Two blog posts about personalisation have caught my eye this week.
Former head of In Control Simon Duffy (left) - one of the pioneers of self-directed support in the UK - has written a piece about where things have gone wrong with personalisation, under the arresting title
: "Is personalisation dead?".
The essential narrative was that we had an ambitious, challenging movement for full citizenship for disabled people through giving them control over their lives, including their care and support; this was captured by government, turned into a policy programme ("personalisation"), subverted and reduced to bureaucracy and renewed control from the state over disabled people's lives.
It's a powerful critique of how government has subverted what it sought to champion in the way it made personalisation official policy, though one Duffy and others have made before.
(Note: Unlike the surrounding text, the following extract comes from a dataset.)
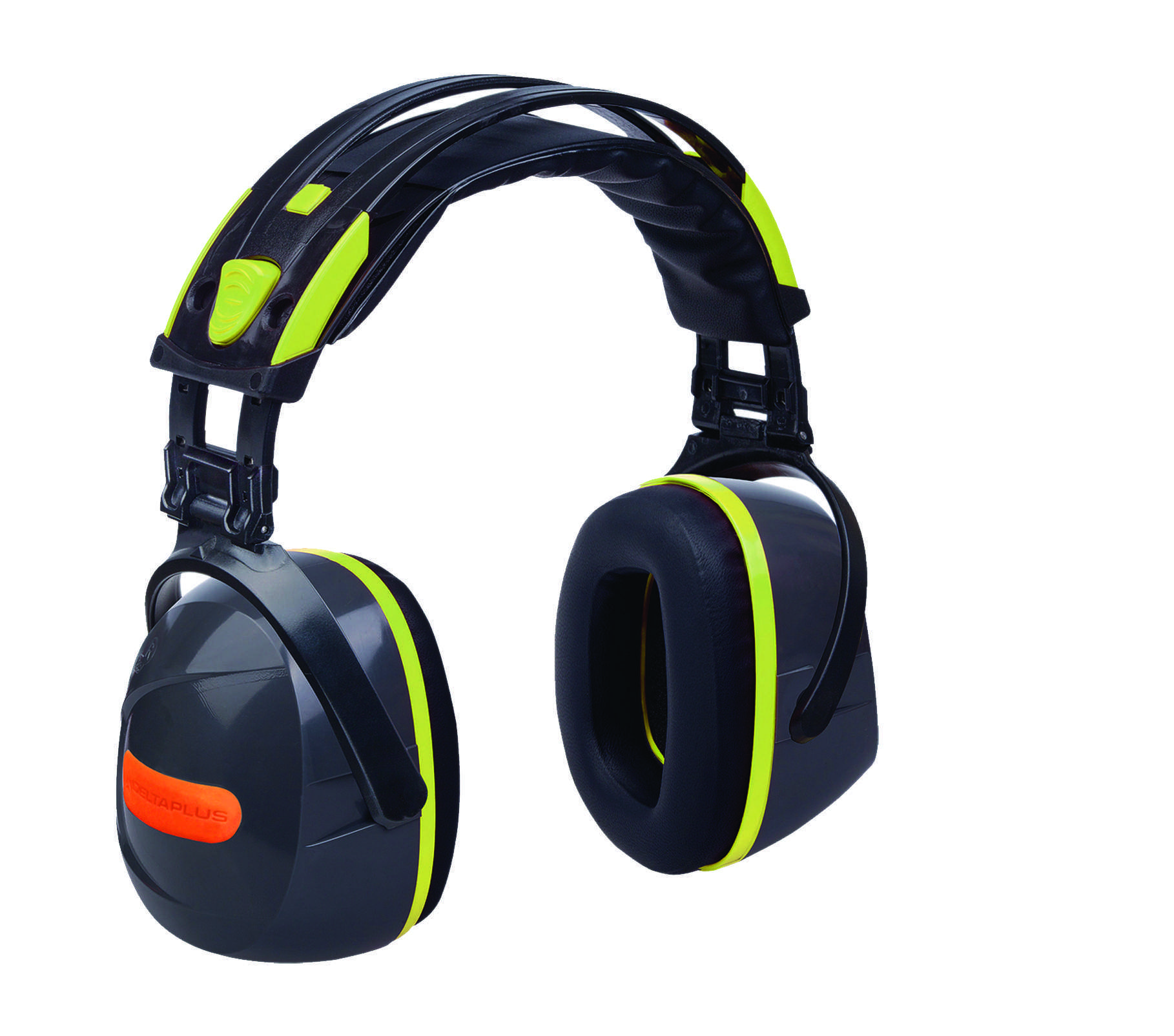 Casque antibruit avec coquilles ABS. Coussinets rembourrés en mousse synthétique. Double arceau plastique (POM), réglable en hauteur, avec renfort souple et aéré pour un meilleur confort.
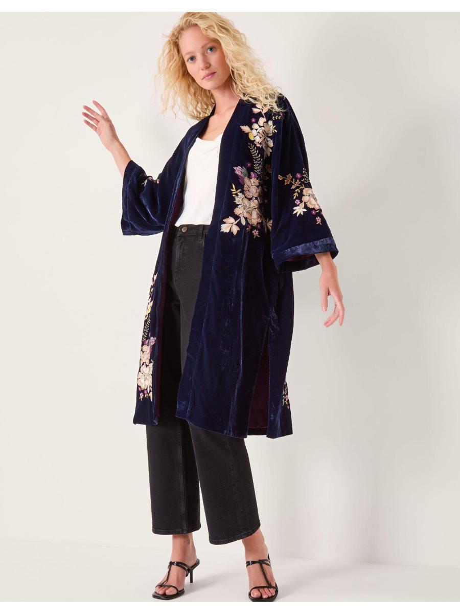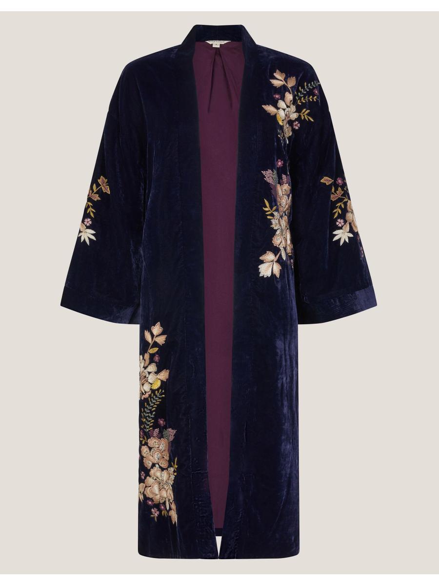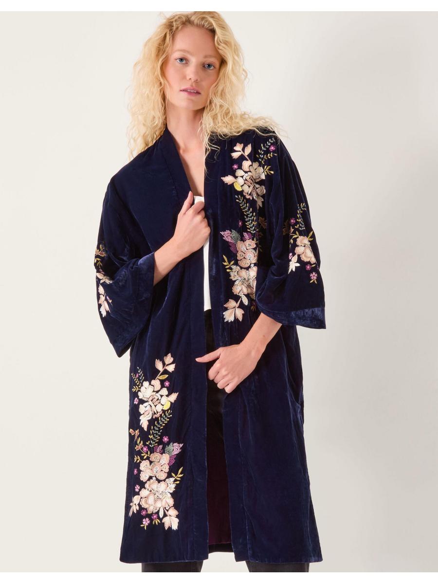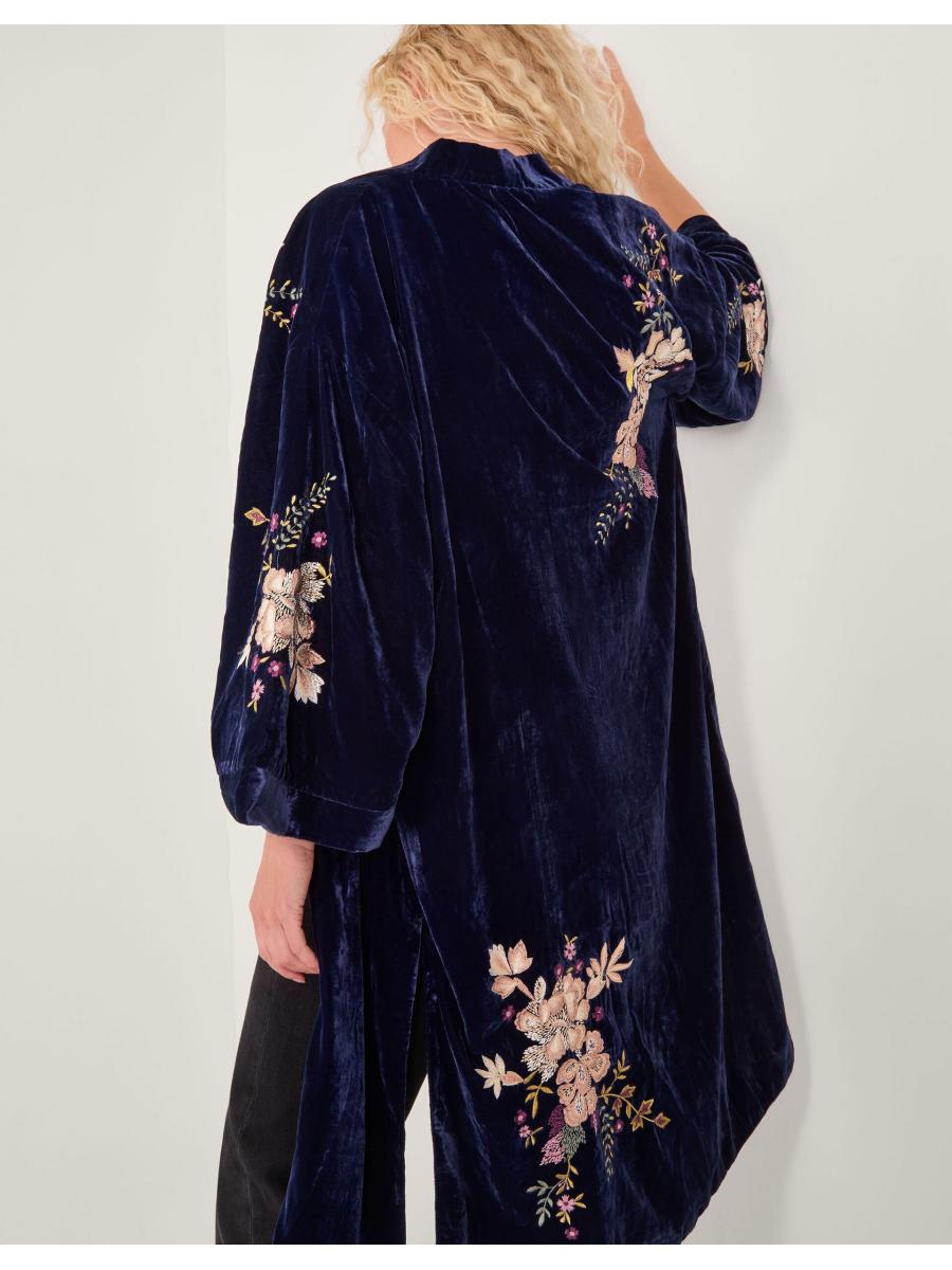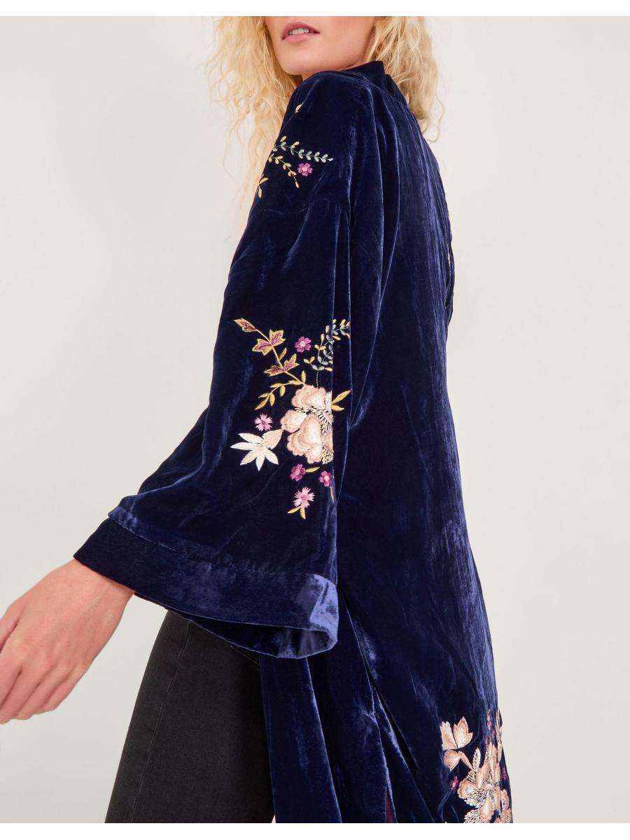 I'll be the one in velvet. Embroidered with ornate florals, this kimono instantly elevates any evening outfit, sure to catch everyone's eye. A perfect pick for the chilly season, it's a layer you never knew you needed. Blue

What is particularly fascinating is an anecdote he recounts about an encounter with a civil servant during Ivan Lewis's reign as care services minister in 2008:
Whilst sitting outside [Lewis's] office one of the senior civil servants rushed into the room to insist that I did not describe 'Individual Budgets' as entitlements. I was told the government were against 'entitlements' and that this was not how the idea was to be understood. Shortly afterwards we were ushered into Ivan Lewis' office and Ivan began the meeting: "So let me get this straight - the basic idea is that people are told their entitlement up-front and then supported to spend it how they wish..." I smiled, "Yes, that's right Minister..."Duffy's point is that Lewis's vision of entitlement lost out to the nameless civil servant's - hence older and disabled people are either ineligible for personal budgets or restricted in the way they use them, particularly because, their entitlements, under adult social care law, are to services, not resources.
He says that it is only through entitlement to resources that the vision can be recaptured. Duffy's current venture - the Centre for Welfare Reform - is doing a lot of practical work in this direction,
which we have featured. I guess the message is don't expect this sort of drive to come from government.
Another person giving a lot of thought to personalisation's present and future - though not its past - is Martin Routledge, a former DH civil servant now at In Control and a leading light in sector coalition
Think Local Act Personal, whose job it is to make personalisation work.
One of the biggest topics in this area at the moment is making personalisation work for hitherto excluded groups: people who lack capacity, many people with mental health problems, those with dementia and people who challenge services or have particularly complex needs.
Routledge is honest enough about the challenges - how professionals deal with cuts, question marks over individuals' capacity, a lack of supportive families, crisis situations - but is optimistic that there are solutions, individual service funds (ISFs) for one, in which providers manage a budget with a service user. This has been tested in residential care by the provider
Dimensions, with positive results, and Routledge says he is working on testing ISFs with home care providers.
I'll be interested to see what comes out of this work as making personalisation work for these groups is one of the biggest issues for Community Care readers.
Routledge is also very supportive of the point of Duffy's article (of essentially giving people an entitlement to resources, which they are then free to use without controls) and is pushing councils to make progress on this area. So perhaps personalisation's future can recapture some of its past.